I knew as soon as I read the first page of this book, that I would love it – the description of Scarlett O-Hara, in her billowing dress, talking and laughing with her friends as they lounged in the cool shade of the porch on her father’s plantation, Tara, was an image that swept me away. I was captivated by the characters, particularly Scarlett, and wondered how a book with so many pages could make you want to read about such an arrogant, self-obsessed, person as she! And after reading about Rhett Butler, I felt he wasn’t a very likeable character either, but as I read on, I found there was much more to this novel than I had even known existed.
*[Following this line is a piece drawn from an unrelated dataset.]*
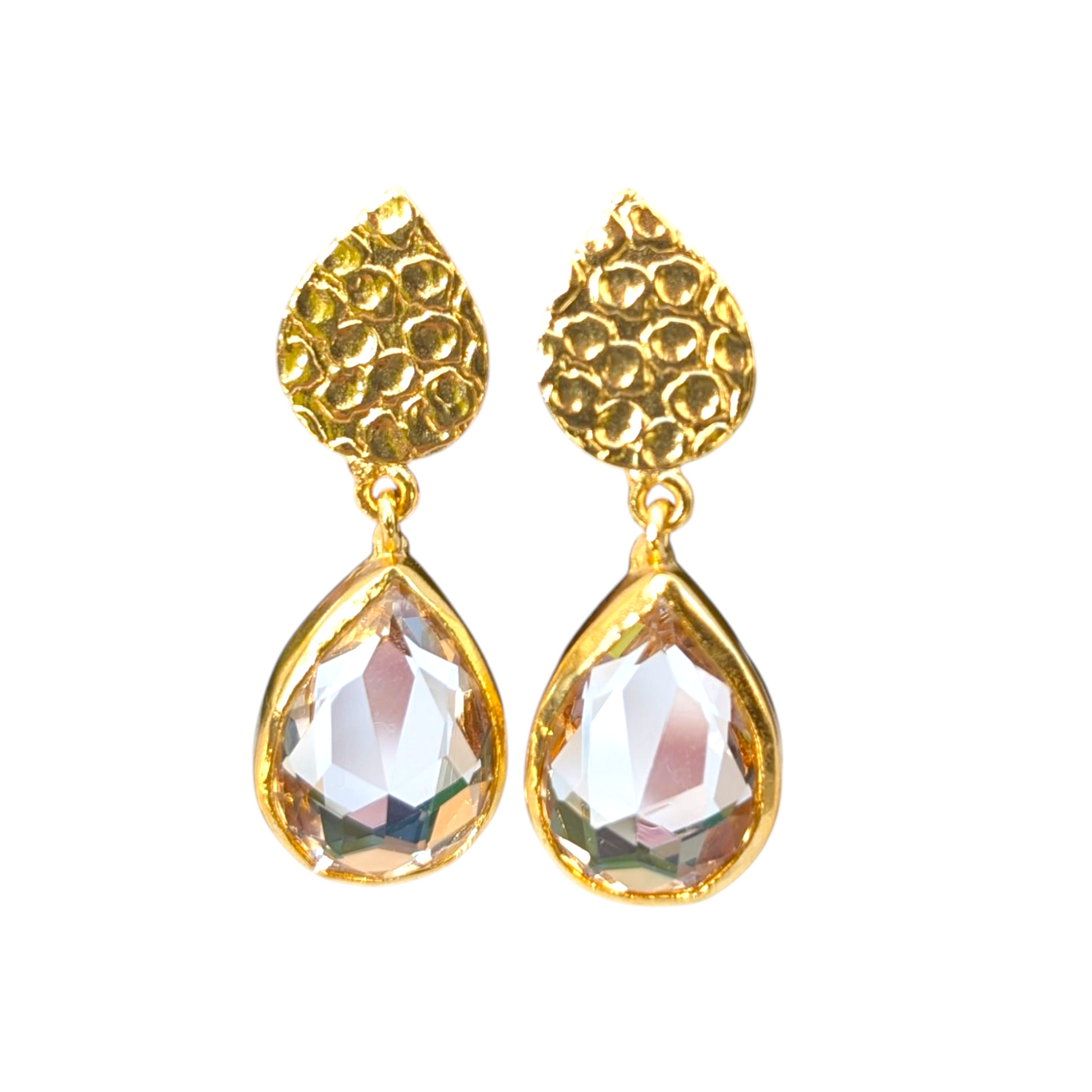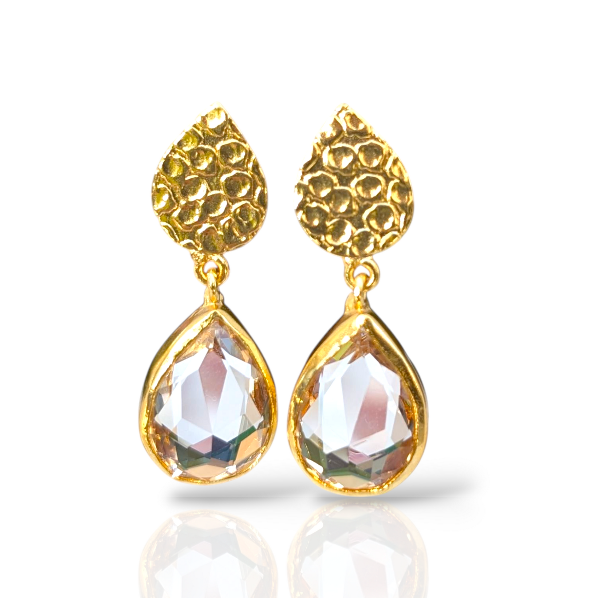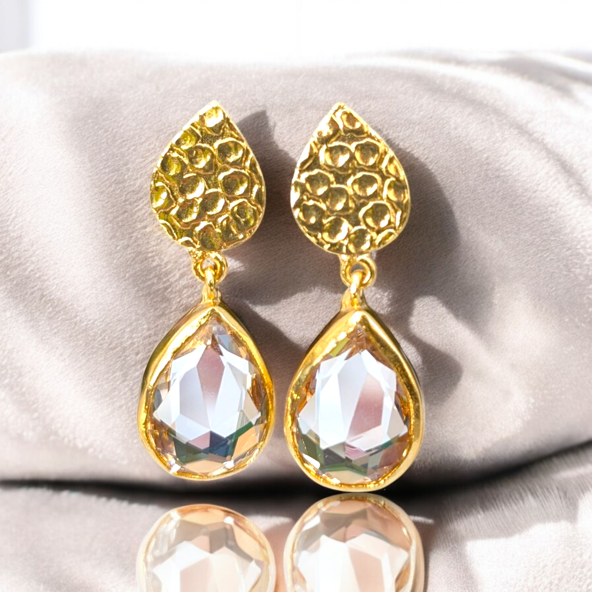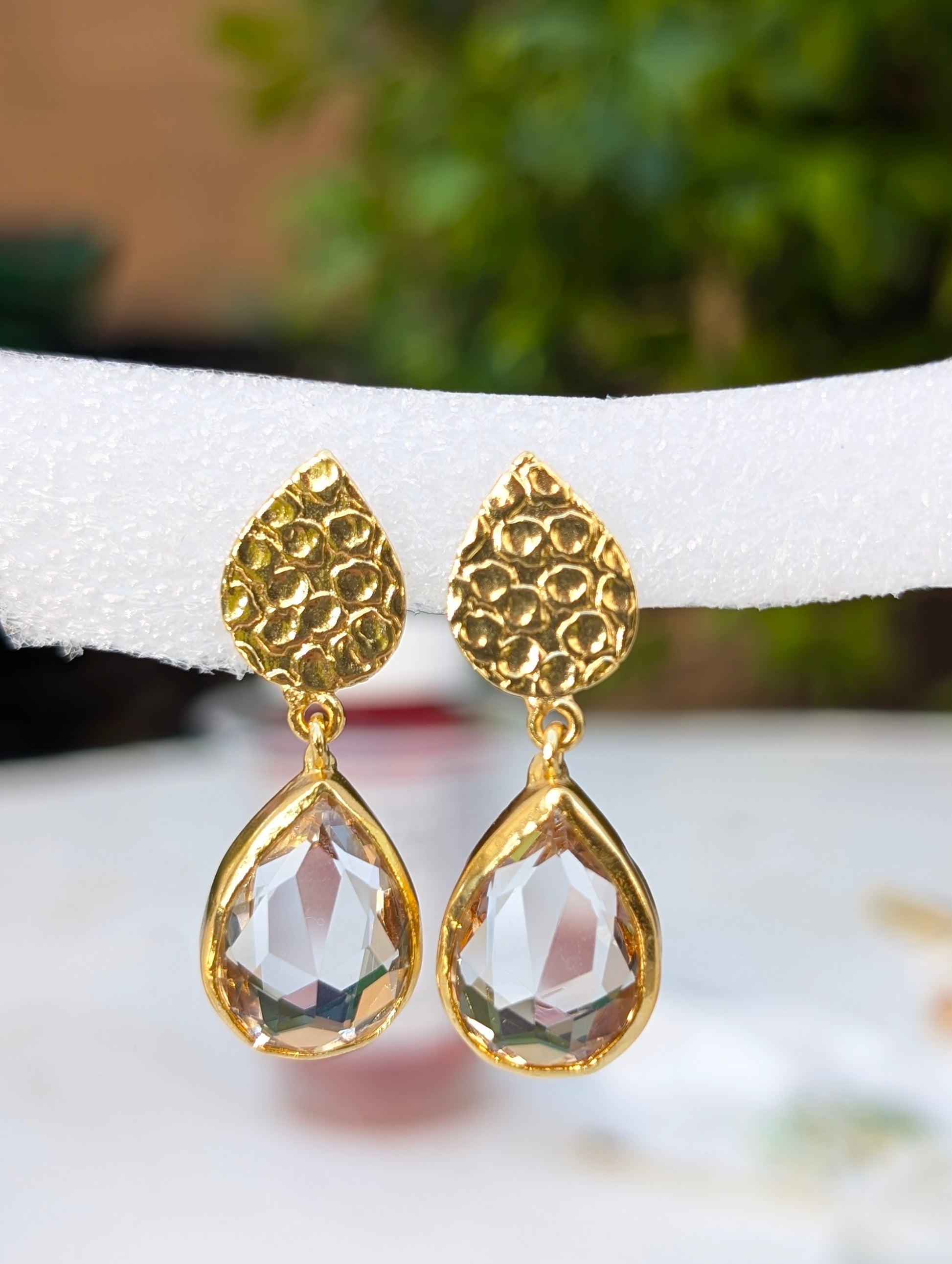Elevate your look with these effortlessly chic handmade gold-plated earrings, featuring delicate clear glass for a timeless and versatile appeal. Expertly crafted in Turkey, each pair combines the brilliance of natural glass with the warm glow of gold-plated brass, creating a refined yet understated elegance.

My previous knowledge of the book was simply that it was about a whining girl in big dresses, in a big house, who had a relationship with a swarve and smarmy man, who eventually told her he didn’t give a damn. That was all I could remember of seeing the movie when I was young. I had no inkling that it was about the civil war and its aftermath, or that Scarlett was obsessed with another man she couldn’t have, all the way through the book. I didn’t realise it was about the depths of poverty, about losing everything and starting again, and I definitely didn’t know that it was about a woman so headstrong and determined to be rich and powerful, even if that came with loneliness and ostracism.
It is easy to be shocked by how awfully Scarlett and Rhett treat each other, mainly with contempt and disdain, and I guess we are shocked as readers to think that such characters might exist in real life. But the more I thought about it the more I realised how prevalent greed and un-Christian like values are in today’s society. Many people are like Rhett and Scarlett with their blatant arguing and put downs. While I admired what she called her ‘gumption’ to a degree, Scarlett was like a modern day diva in her demands and expectations. And Rhett, with his interests in underhanded dealings, prostitutes and gambling, would probably be a druglord or a pimp in modern times!
However, as unlikeable as they both were, there was something enticing in reading about their lives. Would they survive against all odds, how would they do it, would they change and redeem themselves? With the knowledge of the final lines from the movie, you anticipate that it doesn’t quite work out in the end, but the book certainly makes you realise that only kind and ethical people, like the character of Melanie, truly find happiness in their life, even though they endure many trials. The selfish and greedy will never find peace.
Gone with the Wind is a classic, must-read book. Don’t be put off by the size of it, as every page is worthwhile and a delight to read!